In my view, Intel's reputation as a reliable server chip vendor, coupled with the process technology lead (giving performance and cost benefits), should allow it to vigorously defend its position in the growing micro-server market against the ARM designs, which typically come from startups that do not have nearly the R&D or marketing budgets that Intel possesses. I believe that if the rumors of Qualcomm (NASDAQ:QCOM) and Samsung (OTC:SSNLF) getting into this game are true, then the competitive landscape will heat up significantly, although both of these vendors still lack the experience that Intel has (and will both likely be hamstrung by process technology disadvantages).
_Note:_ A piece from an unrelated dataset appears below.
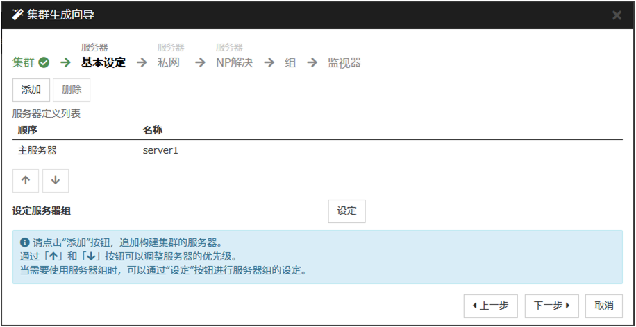 Cluster WebUI 的设置模式的[服务器共通属性]-[主服务器]中显示在最前面的服务器。

From an investment standpoint, the biggest loser here is Applied Micro Circuits, whose shares have seen a considerable run up, thanks to the hype surrounding the 64-bit ARM instruction set and its own "X-Gene" part that utilizes it. Not only will Applied Micro be stuck on a 2-generation old 40nm process against Intel's 22nm process (thanks in no small part to numerous delays and a habit of over-promising and under-delivering), but it has nowhere near the R&D budget or credibility in the micro-server market that Intel has. Further, the claims of wild levels of integration on the X-Gene, as well as a high performance core, leads me to believe that the X-Gene part will have a significant performance/watt disadvantage relative to the Intel chips, as well as even the 28nm Calxeda products.
Interesting times ahead in the chip wars, but if you're thinking that ARM vendors are going to come in and steal Intel's dominant position in servers simply by virtue of being compatible with the ARM instruction set (Wall Street's latest hip fad), then you may be sorely disappointed.
Additional disclosure: I am short ARMH, and plan to short AMCC on any real X-Gene related hype.